This drug should not be used during pregnancy unless the benefit outweighs the risk to the fetus.

US FDA pregnancy category: Not assigned.

Risk Summary: Available data of topical tretinoin in pregnant women have not established a drug-associated risk of major birth defects, miscarriage, or adverse maternal or fetal outcomes. Studies with topical benzoyl peroxide have not demonstrated systemic absorption, and maternal use is not expected to result in fetal exposure to benzoyl peroxide.

Oral tretinoin has been shown to be fetotoxic in rats when administered at a dose of 2.5 mg/kg/day. Topical tretinoin has been shown to be fetotoxic in rabbits when administered at a dose of 0.5 mg/kg/day. Published data f on the use of topical tretinoin products during pregnancy have not identified an association with topical tretinoin and major birth defects or miscarriage. There are no controlled data in human pregnancy.
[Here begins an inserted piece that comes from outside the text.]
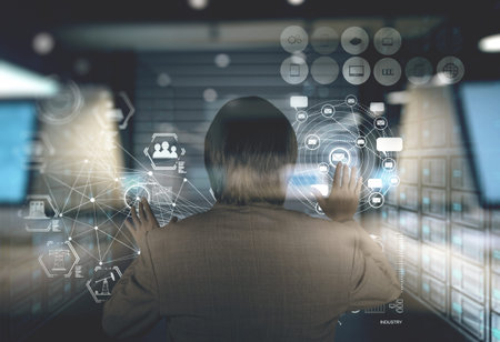 Log in to manage background tasks efficiently and save energy.,A businessman manages an internal computer system.,fix system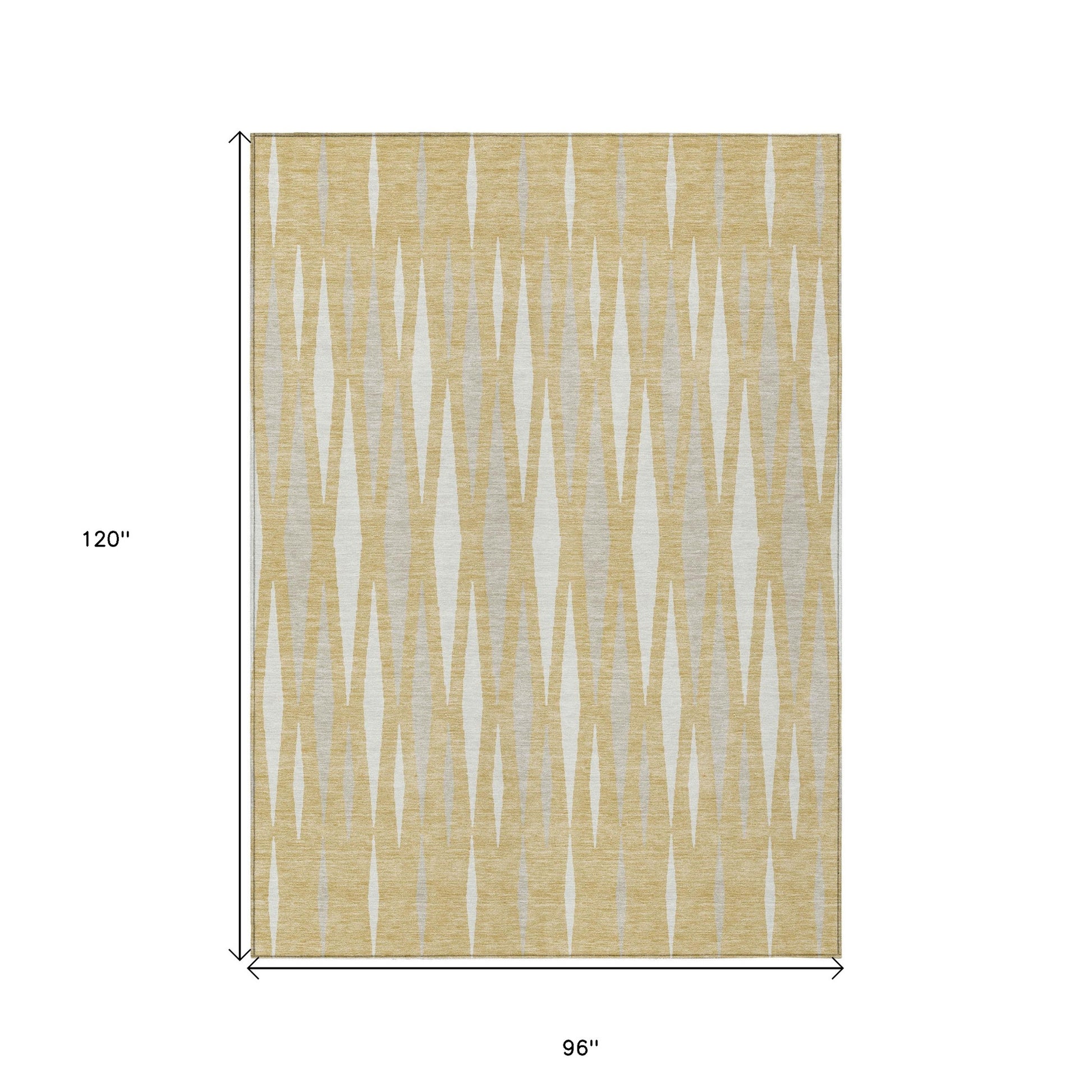Tabselect Home Line 8' X 10' Gold Gray And Ivory Geometric Washable Indoor Outdoor Area Rug

US FDA pregnancy category Not Assigned: The US FDA has amended the pregnancy labeling rule for prescription drug products to require labeling that includes a summary of risk, a discussion of the data supporting that summary, and relevant information to help health care providers make prescribing decisions and counsel women about the use of drugs during pregnancy. Pregnancy categories A, B, C, D and X are being phased out.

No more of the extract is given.